▸ Saved data entries
==================================================

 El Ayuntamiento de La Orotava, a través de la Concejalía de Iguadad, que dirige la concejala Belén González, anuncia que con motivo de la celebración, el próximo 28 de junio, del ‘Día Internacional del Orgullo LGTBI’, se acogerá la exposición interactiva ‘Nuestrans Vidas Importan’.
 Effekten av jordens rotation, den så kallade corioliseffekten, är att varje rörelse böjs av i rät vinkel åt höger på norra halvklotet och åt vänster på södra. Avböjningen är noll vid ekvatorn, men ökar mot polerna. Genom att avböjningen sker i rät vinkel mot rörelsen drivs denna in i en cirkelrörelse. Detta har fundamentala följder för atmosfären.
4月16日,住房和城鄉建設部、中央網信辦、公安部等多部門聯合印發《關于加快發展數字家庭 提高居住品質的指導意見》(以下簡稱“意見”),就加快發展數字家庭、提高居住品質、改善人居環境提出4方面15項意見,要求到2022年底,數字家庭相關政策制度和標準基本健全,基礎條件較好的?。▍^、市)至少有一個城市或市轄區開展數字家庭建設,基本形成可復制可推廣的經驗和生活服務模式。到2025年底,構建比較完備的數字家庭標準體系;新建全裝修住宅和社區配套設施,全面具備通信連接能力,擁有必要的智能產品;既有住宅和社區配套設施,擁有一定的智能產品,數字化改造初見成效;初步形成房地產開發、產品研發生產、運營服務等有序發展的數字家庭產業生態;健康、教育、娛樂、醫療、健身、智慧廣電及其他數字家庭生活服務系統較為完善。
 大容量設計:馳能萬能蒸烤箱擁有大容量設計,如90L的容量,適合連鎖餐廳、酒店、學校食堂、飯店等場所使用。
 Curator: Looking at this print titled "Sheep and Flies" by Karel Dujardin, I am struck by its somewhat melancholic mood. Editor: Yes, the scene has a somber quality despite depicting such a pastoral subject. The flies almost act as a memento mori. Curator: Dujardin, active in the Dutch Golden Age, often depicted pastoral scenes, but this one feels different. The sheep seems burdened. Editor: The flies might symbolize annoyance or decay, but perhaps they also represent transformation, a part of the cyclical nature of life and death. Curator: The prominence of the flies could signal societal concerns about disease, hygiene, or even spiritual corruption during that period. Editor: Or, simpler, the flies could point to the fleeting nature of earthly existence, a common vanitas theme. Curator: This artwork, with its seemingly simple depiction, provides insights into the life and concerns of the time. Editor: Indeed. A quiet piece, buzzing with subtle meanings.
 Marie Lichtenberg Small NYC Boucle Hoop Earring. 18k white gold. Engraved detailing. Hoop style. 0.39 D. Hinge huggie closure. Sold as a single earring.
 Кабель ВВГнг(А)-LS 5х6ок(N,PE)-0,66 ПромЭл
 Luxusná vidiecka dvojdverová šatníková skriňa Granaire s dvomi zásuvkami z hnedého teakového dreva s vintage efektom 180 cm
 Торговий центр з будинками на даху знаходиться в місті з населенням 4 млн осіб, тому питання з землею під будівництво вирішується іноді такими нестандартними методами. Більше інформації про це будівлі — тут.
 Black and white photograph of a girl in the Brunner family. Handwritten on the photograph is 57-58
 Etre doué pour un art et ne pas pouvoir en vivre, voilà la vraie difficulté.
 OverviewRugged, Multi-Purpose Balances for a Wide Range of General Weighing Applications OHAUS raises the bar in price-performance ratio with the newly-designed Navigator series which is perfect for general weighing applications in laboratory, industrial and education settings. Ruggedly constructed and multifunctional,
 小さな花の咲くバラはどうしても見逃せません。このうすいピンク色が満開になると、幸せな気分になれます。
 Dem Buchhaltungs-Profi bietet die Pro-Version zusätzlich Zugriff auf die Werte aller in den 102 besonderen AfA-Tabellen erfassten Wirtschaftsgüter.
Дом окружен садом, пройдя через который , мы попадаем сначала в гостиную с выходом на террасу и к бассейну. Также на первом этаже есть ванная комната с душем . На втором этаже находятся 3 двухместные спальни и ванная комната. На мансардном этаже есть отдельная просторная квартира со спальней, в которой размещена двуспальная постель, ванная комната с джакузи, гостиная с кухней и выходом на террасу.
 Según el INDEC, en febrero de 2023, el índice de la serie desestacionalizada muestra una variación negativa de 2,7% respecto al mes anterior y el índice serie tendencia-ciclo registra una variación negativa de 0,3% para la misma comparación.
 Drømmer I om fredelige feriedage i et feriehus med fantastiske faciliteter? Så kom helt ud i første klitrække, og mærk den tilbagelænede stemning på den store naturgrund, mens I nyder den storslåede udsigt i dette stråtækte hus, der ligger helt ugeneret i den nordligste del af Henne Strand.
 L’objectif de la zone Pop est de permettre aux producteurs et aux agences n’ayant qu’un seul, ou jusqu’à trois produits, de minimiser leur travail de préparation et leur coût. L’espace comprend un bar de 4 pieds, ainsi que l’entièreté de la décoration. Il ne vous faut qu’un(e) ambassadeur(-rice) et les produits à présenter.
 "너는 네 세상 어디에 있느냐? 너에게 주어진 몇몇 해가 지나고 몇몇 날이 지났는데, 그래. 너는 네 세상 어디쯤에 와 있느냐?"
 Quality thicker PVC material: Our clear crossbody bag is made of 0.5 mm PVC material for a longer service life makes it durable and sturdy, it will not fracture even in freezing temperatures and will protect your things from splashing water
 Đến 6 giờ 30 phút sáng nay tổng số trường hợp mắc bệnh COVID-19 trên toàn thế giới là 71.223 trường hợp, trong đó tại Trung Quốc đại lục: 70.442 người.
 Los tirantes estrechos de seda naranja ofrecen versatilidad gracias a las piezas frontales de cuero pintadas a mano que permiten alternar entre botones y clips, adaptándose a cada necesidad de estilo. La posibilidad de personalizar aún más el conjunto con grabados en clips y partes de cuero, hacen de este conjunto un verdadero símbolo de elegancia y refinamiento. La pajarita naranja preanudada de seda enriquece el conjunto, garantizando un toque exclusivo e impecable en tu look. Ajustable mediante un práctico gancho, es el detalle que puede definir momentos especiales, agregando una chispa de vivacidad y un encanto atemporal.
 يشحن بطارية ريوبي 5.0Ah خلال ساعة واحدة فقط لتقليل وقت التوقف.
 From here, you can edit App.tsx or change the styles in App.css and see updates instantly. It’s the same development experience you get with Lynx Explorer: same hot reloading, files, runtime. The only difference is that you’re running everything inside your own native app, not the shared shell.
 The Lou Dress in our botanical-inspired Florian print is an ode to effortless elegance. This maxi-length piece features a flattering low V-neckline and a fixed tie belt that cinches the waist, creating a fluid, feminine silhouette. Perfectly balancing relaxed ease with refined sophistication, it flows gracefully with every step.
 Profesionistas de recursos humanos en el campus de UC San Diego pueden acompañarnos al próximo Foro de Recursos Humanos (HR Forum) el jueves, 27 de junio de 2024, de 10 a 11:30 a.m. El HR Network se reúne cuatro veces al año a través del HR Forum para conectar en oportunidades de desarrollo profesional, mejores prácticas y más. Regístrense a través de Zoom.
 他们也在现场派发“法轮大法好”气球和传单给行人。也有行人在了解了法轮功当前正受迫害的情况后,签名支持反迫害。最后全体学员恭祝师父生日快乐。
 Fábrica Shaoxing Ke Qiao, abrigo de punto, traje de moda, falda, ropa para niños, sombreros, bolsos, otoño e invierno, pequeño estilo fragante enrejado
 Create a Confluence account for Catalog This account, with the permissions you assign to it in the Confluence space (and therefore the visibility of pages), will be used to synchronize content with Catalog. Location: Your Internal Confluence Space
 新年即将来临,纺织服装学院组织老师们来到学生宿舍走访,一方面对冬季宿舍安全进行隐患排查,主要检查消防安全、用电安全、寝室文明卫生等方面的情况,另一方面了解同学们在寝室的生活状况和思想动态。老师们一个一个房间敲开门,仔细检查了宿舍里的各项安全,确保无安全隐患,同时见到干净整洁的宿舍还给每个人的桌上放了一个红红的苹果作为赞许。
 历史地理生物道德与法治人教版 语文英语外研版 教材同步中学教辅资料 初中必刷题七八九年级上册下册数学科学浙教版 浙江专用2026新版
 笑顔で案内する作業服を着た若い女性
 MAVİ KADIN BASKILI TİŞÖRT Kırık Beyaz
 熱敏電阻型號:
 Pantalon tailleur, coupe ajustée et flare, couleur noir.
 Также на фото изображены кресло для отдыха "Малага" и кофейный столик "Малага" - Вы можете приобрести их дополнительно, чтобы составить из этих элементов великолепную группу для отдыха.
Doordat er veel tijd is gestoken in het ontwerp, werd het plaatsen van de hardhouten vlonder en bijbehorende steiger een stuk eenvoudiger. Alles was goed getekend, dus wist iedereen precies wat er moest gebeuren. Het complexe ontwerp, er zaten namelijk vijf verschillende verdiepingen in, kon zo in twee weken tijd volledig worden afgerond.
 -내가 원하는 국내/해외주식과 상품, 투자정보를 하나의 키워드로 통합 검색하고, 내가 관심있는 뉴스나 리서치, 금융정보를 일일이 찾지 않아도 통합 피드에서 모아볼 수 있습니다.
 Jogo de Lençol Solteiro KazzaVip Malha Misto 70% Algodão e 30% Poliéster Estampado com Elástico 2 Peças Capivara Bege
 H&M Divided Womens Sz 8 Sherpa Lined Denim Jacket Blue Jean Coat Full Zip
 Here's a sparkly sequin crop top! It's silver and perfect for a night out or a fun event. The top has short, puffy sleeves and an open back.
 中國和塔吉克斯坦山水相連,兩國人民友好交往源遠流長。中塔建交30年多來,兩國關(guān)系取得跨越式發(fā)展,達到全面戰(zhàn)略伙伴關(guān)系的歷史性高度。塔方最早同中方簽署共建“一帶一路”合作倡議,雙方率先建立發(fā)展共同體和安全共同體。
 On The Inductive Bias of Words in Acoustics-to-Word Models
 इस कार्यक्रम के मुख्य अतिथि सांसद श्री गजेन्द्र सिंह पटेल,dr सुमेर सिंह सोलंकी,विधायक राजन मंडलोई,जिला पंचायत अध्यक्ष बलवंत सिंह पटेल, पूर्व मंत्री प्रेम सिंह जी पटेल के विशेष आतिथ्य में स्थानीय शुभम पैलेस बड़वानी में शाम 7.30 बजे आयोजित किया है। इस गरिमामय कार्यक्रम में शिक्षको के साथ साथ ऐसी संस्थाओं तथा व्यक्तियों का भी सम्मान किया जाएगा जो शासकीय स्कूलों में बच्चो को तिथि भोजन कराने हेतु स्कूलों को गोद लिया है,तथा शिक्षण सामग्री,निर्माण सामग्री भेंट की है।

==================================================

▸ Required work
Copy each line of the data that includes the word "will".

▸ The answer
 Quality thicker PVC material: Our clear crossbody bag is made of 0.5 mm PVC material for a longer service life makes it durable and sturdy, it will not fracture even in freezing temperatures and will protect your things from splashing water
 Create a Confluence account for Catalog This account, with the permissions you assign to it in the Confluence space (and therefore the visibility of pages), will be used to synchronize content with Catalog. Location: Your Internal Confluence Space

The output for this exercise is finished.